Configuration
You can enable and disable the nonlinguistic entity types that you want to extract in the nonlinguistic entity configuration file. By disabling the entities that you do not need, you can decrease the processing time required. This is done in the Configuration section in the Advanced Resources tab. See the topic About Advanced Resources for more information. If nonlinguistic extraction is enabled, the extraction engine reads this configuration file during the extraction process to determine which nonlinguistic entity types should be extracted.

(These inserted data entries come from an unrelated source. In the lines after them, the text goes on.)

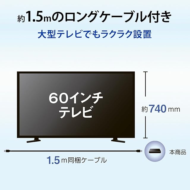 【約1.5mのロングケーブル付き。大型テレビでもラクラク設置】4K録画にも対応した約1.5mのロングケーブル付き。60インチなどの大型テレビでも、ケーブルの取り回しに悩むことなく設置いただけます。
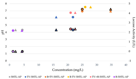 The values of pH and laccase activity plotted according to the corresponding concentration of NO3-N and NH3/NH4+-N of the respective treatment. The triangles represent the concentrations of NO3-N and the circles represent the concentrations of NH3/NH4+-N. The black outline around the correlated shape indicates laccase activity values and should be measured using the secondary vertical axis.
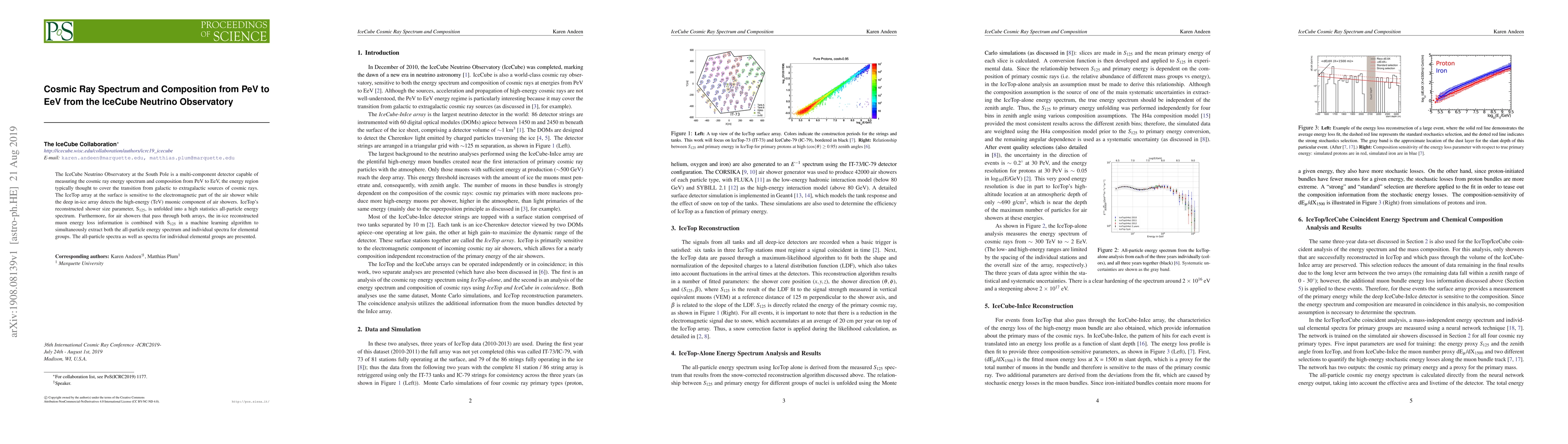 The IceCube Neutrino Observatory measures the cosmic ray spectrum and composition from PeV to EeV, revealing the transition from galactic to extragalactic sources. The study combines data from IceTop and deep in-ice arrays to extract detailed energy spectra for both all particles and elemental groups.

The syntax for this file is as follows:
#name<TAB>Language<TAB>Code
Column label | Description |
---|---|
#name
|
The wording by which nonlinguistic entities will be referenced in the two other required files for nonlinguistic entity extraction. The names used here are case sensitive. |
Language
|
The language of the documents
. It is best to select the specific language; however, an
Any option exists. Possible options are: 0 = Any which is
used whenever a regexp is not specific to a language and could be used in several templates with
different languages, for instance an IP/URL/email addresses; 1 = French;
2 = English; 4 = German; 5 = Spanish;
6 = Dutch; 8 = Portuguese; 10 = Italian. |
Code
|
Part-of-speech code. Most entities take a value of “s” except in a few cases. Possible values
are: s = stopword; a = adjective; n = noun. If
enabled, nonlinguistic entities are first extracted and the extraction patterns are applied to
identify its role in a larger context. For example, percentages are given a value of “a.” Suppose
that 30% is extracted as an nonlinguistic entity. It would be identified as an adjective. Then if
your text contained "30% salary increase," the “30%” nonlinguistic entity fits the part-of-speech
pattern “ann” (adjective noun noun). |
Order in Defining Entities
The order in which the entities are declared in this file is important and affects how they are extracted. They are applied in the order listed. Changing the order will change the results. The most specific nonlinguistic entities must be defined before more general ones.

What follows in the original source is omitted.